Subacute sclerosing panencephalitis: Changes in phenotype during the last decade

Abstract

Introduction: Subacute sclerosing panencephalitis (SSPE) is a rare, progressive, neurodegenerative disease with poor outcome. Anti-measles vaccination contributed to a decreasing number of SSPE patients, but not to its eradication. The aim of our study is to evaluate the course of the disease in our SSPE patients with a focus on vaccinated children. The main goal is considering possibilities for improving prevention of the disease. Methods: A retrospective study included the patients with SSPE treated in the period from December 2010 to December 2020 at the Pediatric Clinic of the Institute. The inclusion criteria were the patients with the diagnosis of SSPE based on clinical presentation, neuroimaging, electroencephalography and positive IgG anti-measles antibodies, both in serum and CSF. Results: Five children with fulminant course of SSPE were included. All these patients were suffering from measles at an early age. Three of them had been vaccinated against measles and two had not. All of them had previously been healthy, immune-competent children, with normal general development. The course was extremely fulminant with lethal outcome within three months since the initial symptoms in four cases.

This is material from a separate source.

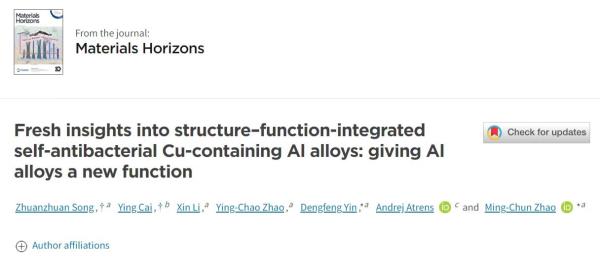 近日,由中南大学湘雅医院康复科蔡颖教授和中南大学材料学院赵明纯教授牵头组建的医工结合团队取得了新进展:在国际高水平著名期刊《Materials Horizons》(材料地平线)(Q1,IF=12.2)发表了题为《Fresh insights into structure–function-integrated self-antibacterial Cu-containing Al alloys: giving Al alloys a new function》(对结构-功能一体化的自抗菌含铜铝合金的全新见解:赋予铝合金一种新的功能)的原创性研究论文,自主研发出了自抗菌的铝合金材料。赋予铝合金抗菌功能,这在全世界尚属首次,为铝合金在临床和康复领域的应用开辟了更广阔的前景。

Progressive motor and cognitive decline, behavior changes, movement disorders, myoclonic jerks and seizures were dominant in clinical presentation. Conclusion: Despite vaccination, SSPE has not been eradicated. An increasing number of vaccinated immune-competent children with fulminant form of SSPE and history of measles infection at an early age were treated at our Clinic. As a measure for improving prevention, we suggest considering weaning of vaccine-derived immunity, and re-vaccination of girls at reproductive period.